__What the task asks__. Of the lines in the material below, print only those from the one containing "La Taza Sublimación" to the one containing "Karnaprayag (35 km)", ends included, exactly as written and without pictures.

Records shown START

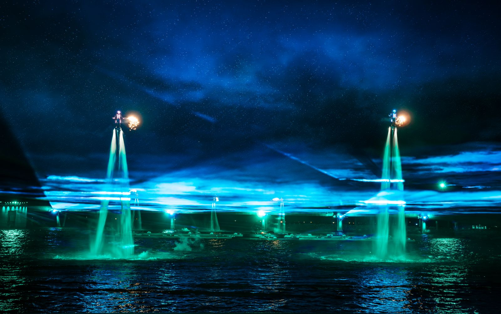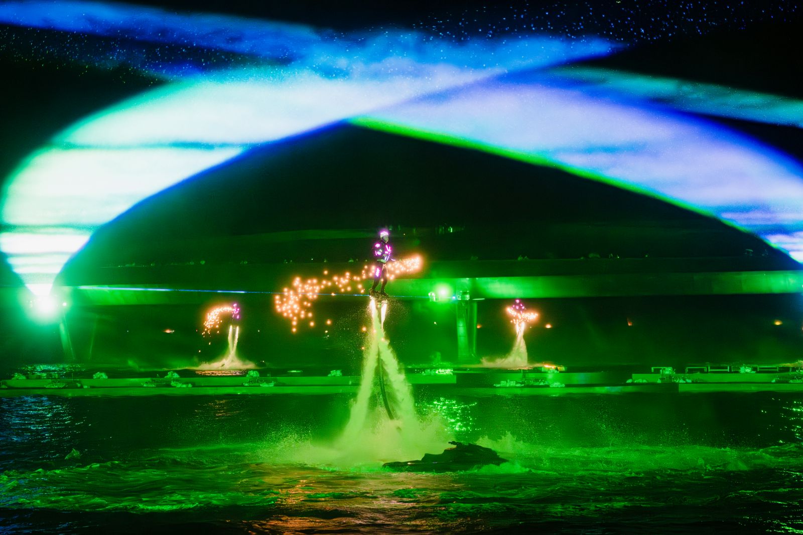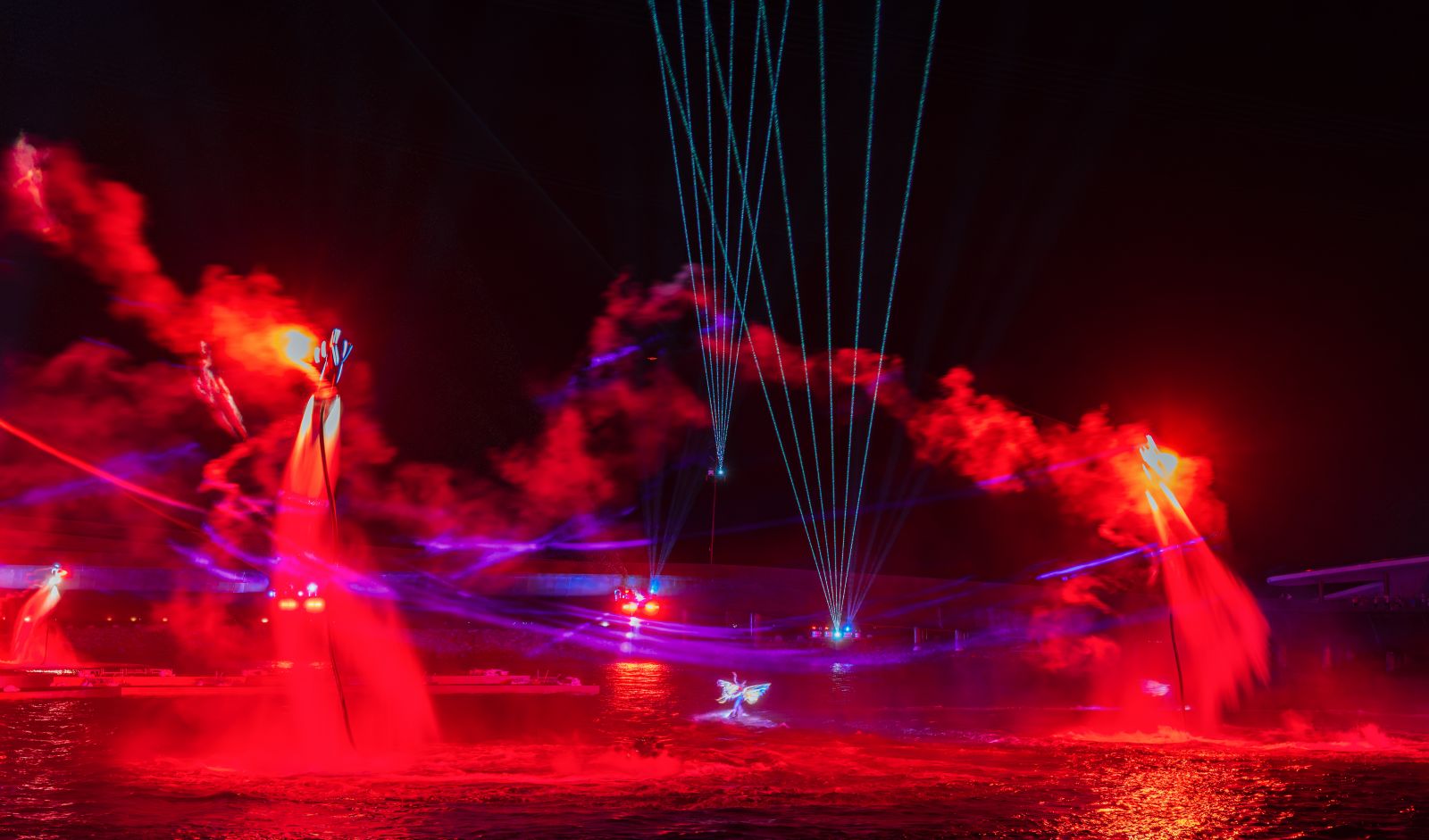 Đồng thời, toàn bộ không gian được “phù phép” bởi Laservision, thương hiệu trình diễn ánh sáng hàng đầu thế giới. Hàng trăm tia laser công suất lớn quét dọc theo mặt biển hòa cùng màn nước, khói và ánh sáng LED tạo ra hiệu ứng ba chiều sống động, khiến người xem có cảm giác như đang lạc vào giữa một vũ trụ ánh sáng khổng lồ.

Records shown END
Records shown START

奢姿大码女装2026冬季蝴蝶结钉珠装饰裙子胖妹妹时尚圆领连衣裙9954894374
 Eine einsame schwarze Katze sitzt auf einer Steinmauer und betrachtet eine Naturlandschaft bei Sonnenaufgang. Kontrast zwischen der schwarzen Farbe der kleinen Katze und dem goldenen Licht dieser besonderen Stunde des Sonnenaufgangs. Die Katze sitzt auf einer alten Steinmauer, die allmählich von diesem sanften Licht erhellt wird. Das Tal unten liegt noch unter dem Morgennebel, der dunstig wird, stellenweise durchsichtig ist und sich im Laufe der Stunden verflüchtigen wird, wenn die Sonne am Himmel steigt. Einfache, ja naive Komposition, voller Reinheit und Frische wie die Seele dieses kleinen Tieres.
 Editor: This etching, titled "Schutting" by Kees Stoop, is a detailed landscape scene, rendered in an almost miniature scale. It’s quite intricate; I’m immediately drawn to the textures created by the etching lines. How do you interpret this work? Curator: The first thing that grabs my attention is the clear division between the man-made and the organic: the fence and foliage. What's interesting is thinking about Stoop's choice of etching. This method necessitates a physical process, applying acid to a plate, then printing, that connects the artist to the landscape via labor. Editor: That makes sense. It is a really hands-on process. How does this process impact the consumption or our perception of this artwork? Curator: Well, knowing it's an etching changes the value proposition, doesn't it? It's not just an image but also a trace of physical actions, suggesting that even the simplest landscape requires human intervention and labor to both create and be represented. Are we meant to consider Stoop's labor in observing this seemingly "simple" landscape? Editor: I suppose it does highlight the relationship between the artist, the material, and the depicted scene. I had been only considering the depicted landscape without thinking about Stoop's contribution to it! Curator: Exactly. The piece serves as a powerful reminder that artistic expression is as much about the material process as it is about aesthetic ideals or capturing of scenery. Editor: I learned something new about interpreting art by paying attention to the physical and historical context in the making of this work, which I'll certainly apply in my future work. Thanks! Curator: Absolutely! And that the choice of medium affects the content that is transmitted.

Records shown END
Records shown START

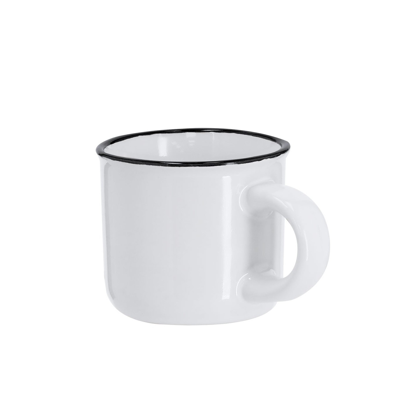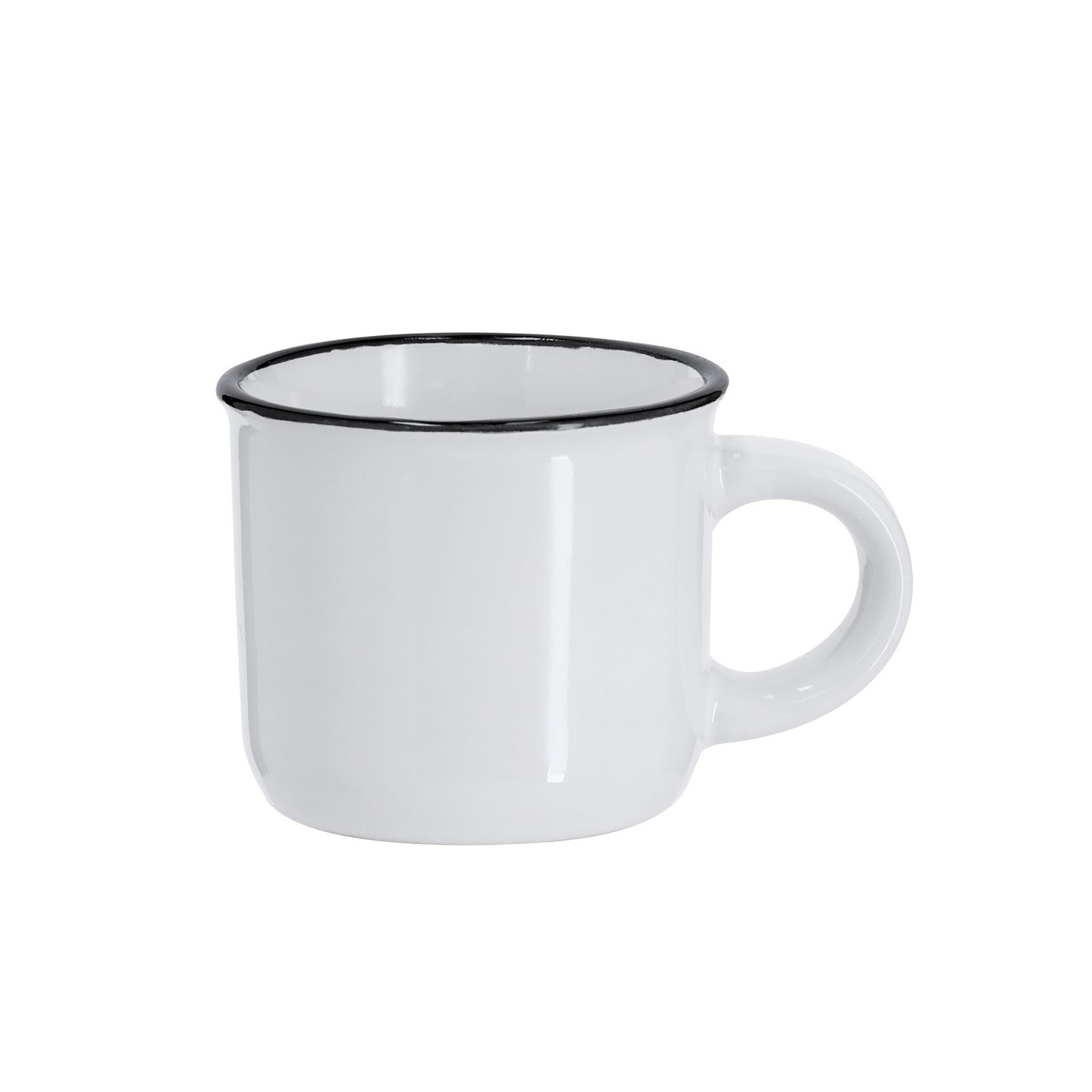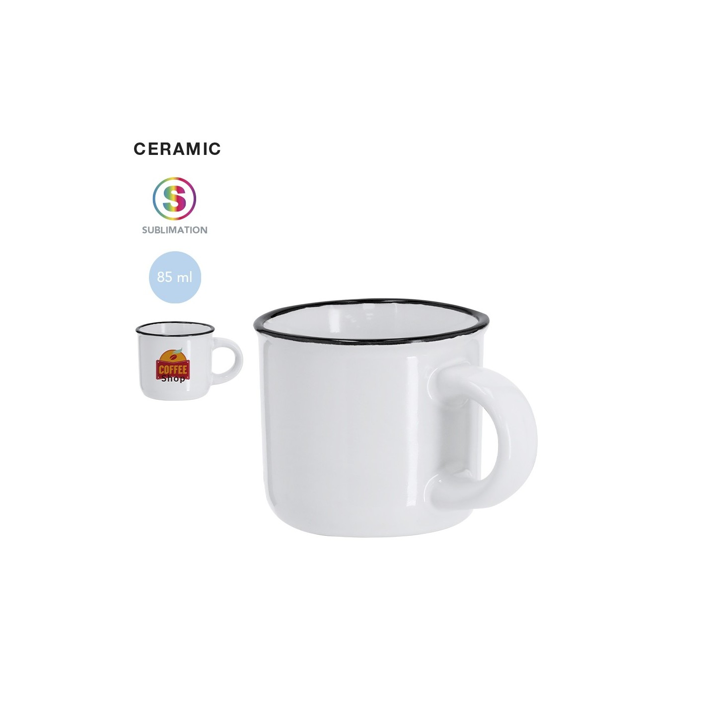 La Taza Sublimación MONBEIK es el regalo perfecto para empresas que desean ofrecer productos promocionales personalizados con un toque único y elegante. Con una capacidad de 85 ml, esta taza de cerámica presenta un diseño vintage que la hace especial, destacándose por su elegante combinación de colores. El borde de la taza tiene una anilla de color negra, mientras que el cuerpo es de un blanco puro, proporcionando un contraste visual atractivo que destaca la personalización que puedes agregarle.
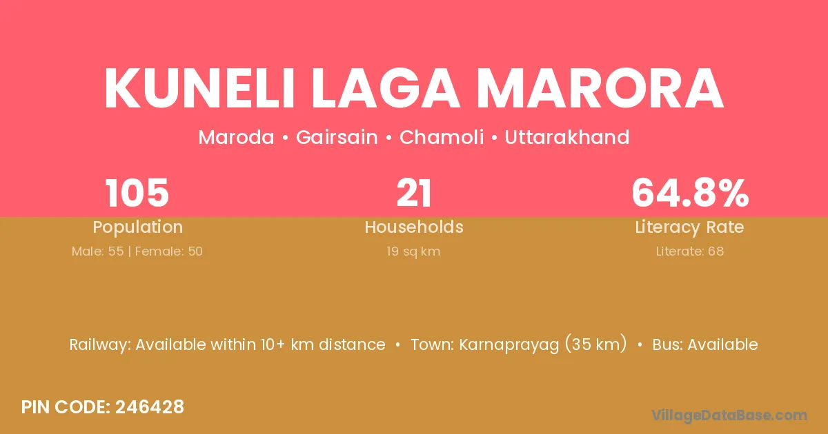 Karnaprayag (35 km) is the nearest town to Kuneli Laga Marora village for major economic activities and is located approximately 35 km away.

Records shown END

__Exercise response__.
 La Taza Sublimación MONBEIK es el regalo perfecto para empresas que desean ofrecer productos promocionales personalizados con un toque único y elegante. Con una capacidad de 85 ml, esta taza de cerámica presenta un diseño vintage que la hace especial, destacándose por su elegante combinación de colores. El borde de la taza tiene una anilla de color negra, mientras que el cuerpo es de un blanco puro, proporcionando un contraste visual atractivo que destaca la personalización que puedes agregarle.
 Karnaprayag (35 km) is the nearest town to Kuneli Laga Marora village for major economic activities and is located approximately 35 km away.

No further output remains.